Kellogg (K) is still having a hard time selling cereal to millennials, according to analysts at Credit Suisse.
The investment bank downgraded its rating on the stock Wednesday to “Neutral” from “Outperform” saying the company’s efforts to engage younger consumers have yet to take hold. Shares edged lower in afternoon trading.
Kellogg, the analysts wrote, “took several positive steps to re-engage millennial consumers with more granolas, mueslis, and ‘fashion-forward’ ingredients. But from what we can tell, these efforts have not fully stabilized the business.”

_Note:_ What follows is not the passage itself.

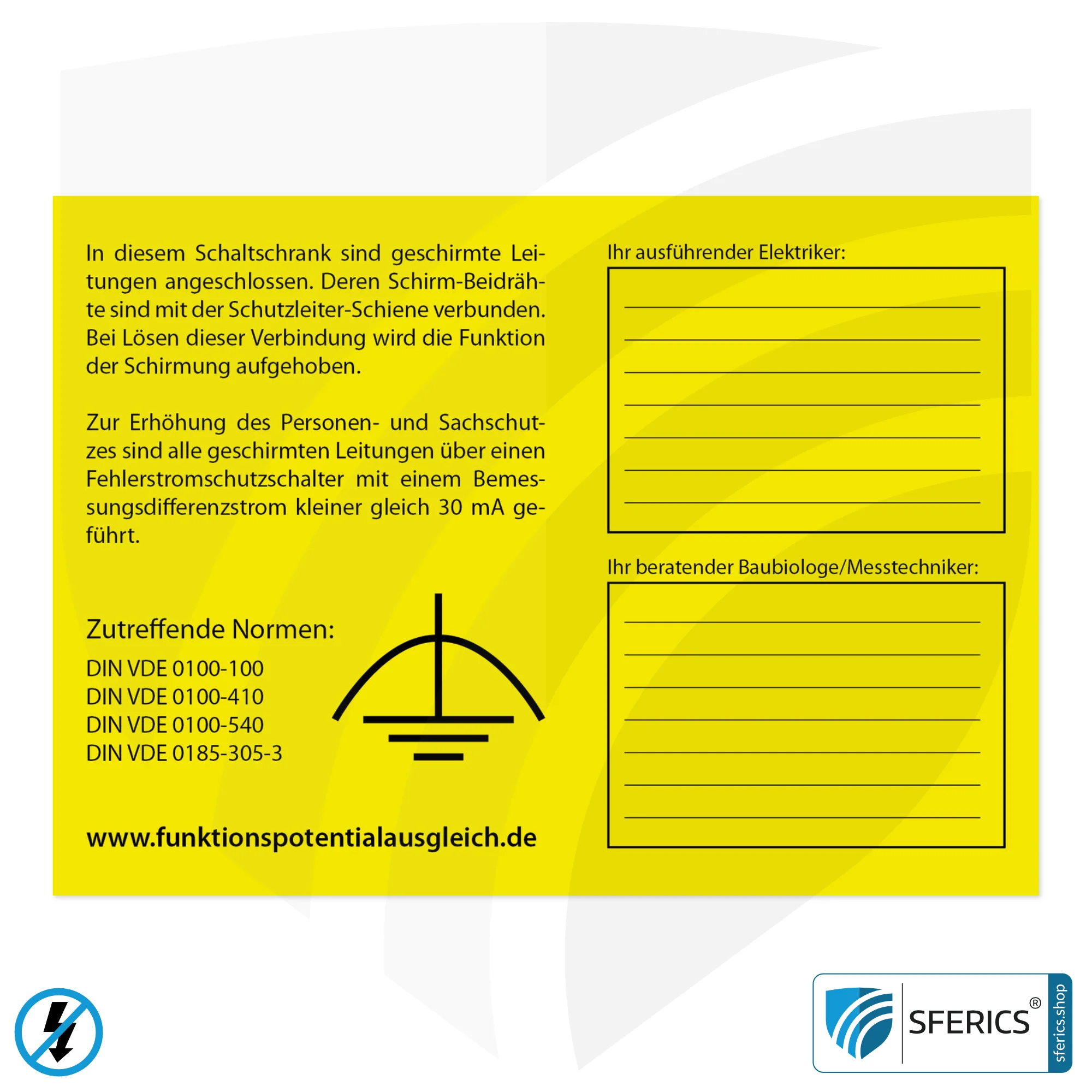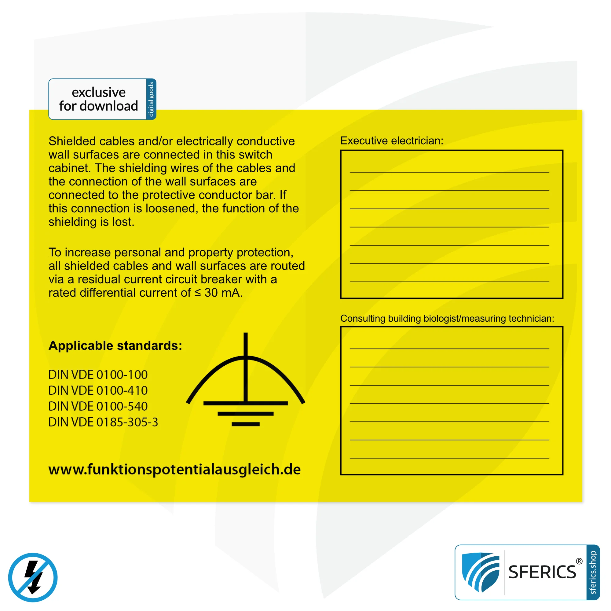 This labeling serves as information and quality assurance for the existing shielding installation for subsequent electricians and technicians. This FEB note is an optional way to keep this essential information available and to mark the affected circuits.

The Credit Suisse report notes that Kellogg’s revenue growth rate “continued to under-punch its peers” due to ongoing pressure in the overall breakfast cereal category, which accounts for 45% of sales, as well as company-specific problems in wholesome snacks. The bank lowered its price target on the stock to $77 from $84.
Kellogg has taken several steps over the past year to reach out millennial consumers, from opening an all-day cereal café to selling Frosted Flakes and Special K as snack food. But Credit Suisse says “efforts have not fully stabilized the business,” with consumers continuing “to seek alternative breakfast solutions.”
A survey conducted early this year found that 40% of millennials think that eating cereal is too difficult, because it needs to be cleaned up after eating.